▶ [Exercise data]
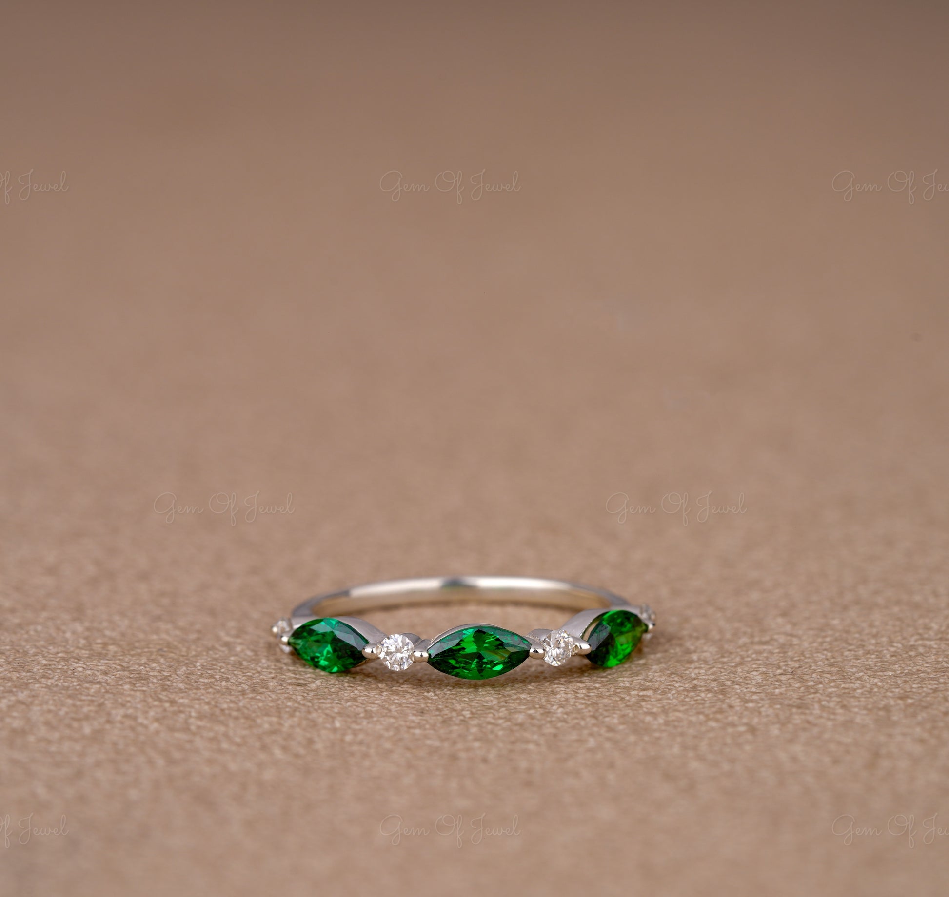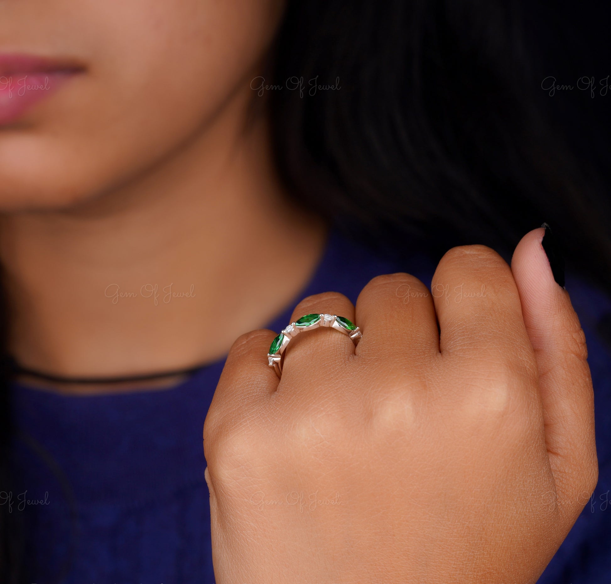 Green Marquise Diamond Wedding Band, Marquise Green Sapphire And Round Moissanite Diamond Matching Band For Her, Matching Wedding Band Gift
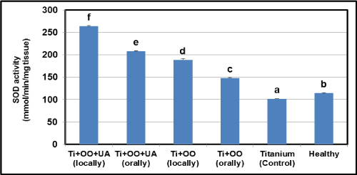 Figure 6. Effects of usnic acid (UA) and olive oil (OO) on changes in the activity of superoxide dismutase (SOD) in tissues surrounding implant of titanium (Ti)-implanted rabbits, in tissues surrounding implant of titanium (Ti)-implanted rabbits. Means in the same column by the same letter are not significantly different to the Duncan test (=0.05). Results are means ± SE of three measurements
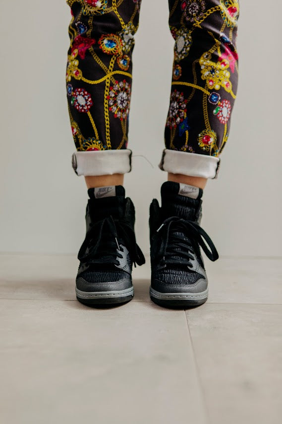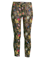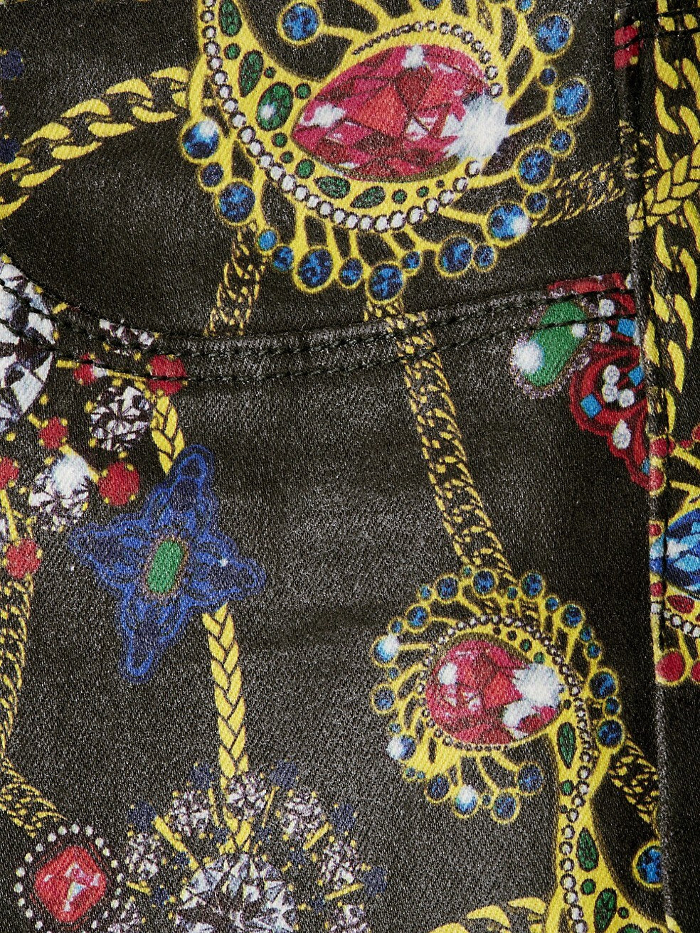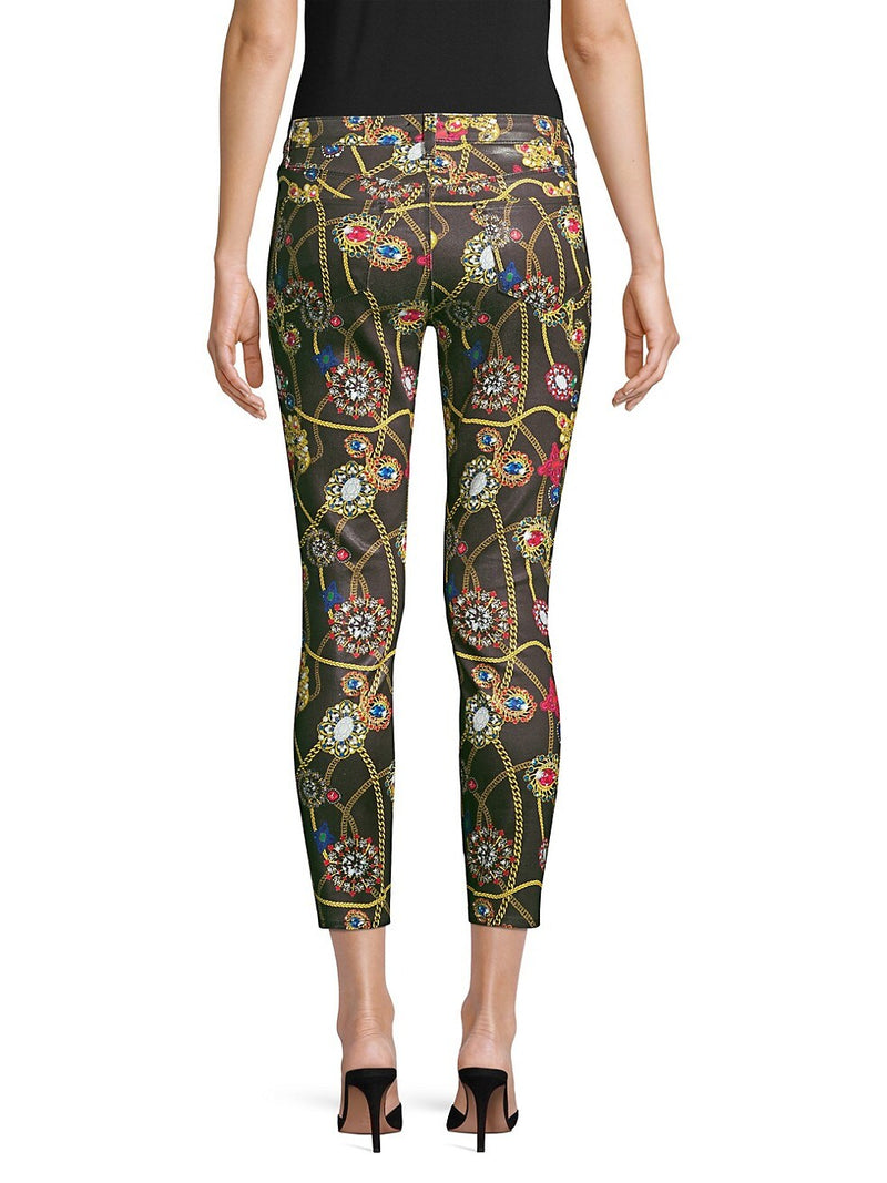Once sold at Sacks Fifth Avenue, L’AGENCE's ultra funky Margot high-rise skinny jean is a coated premium stretch denim & bold colourful jewel/jewellery print. Contoured waistband and tapered leg hug from waist to ankle to define & slim the silhouette. High-recovery denim holds its shape, smoothing the figure without sacrificing comfort.

▶ [About this task]
Repeat all of the material above exactly, leaving out pictures.

▶ [Written answer]
 Green Marquise Diamond Wedding Band, Marquise Green Sapphire And Round Moissanite Diamond Matching Band For Her, Matching Wedding Band Gift
 Figure 6. Effects of usnic acid (UA) and olive oil (OO) on changes in the activity of superoxide dismutase (SOD) in tissues surrounding implant of titanium (Ti)-implanted rabbits, in tissues surrounding implant of titanium (Ti)-implanted rabbits. Means in the same column by the same letter are not significantly different to the Duncan test (=0.05). Results are means ± SE of three measurements
Once sold at Sacks Fifth Avenue, L’AGENCE's ultra funky Margot high-rise skinny jean is a coated premium stretch denim & bold colourful jewel/jewellery print. Contoured waistband and tapered leg hug from waist to ankle to define & slim the silhouette. High-recovery denim holds its shape, smoothing the figure without sacrificing comfort.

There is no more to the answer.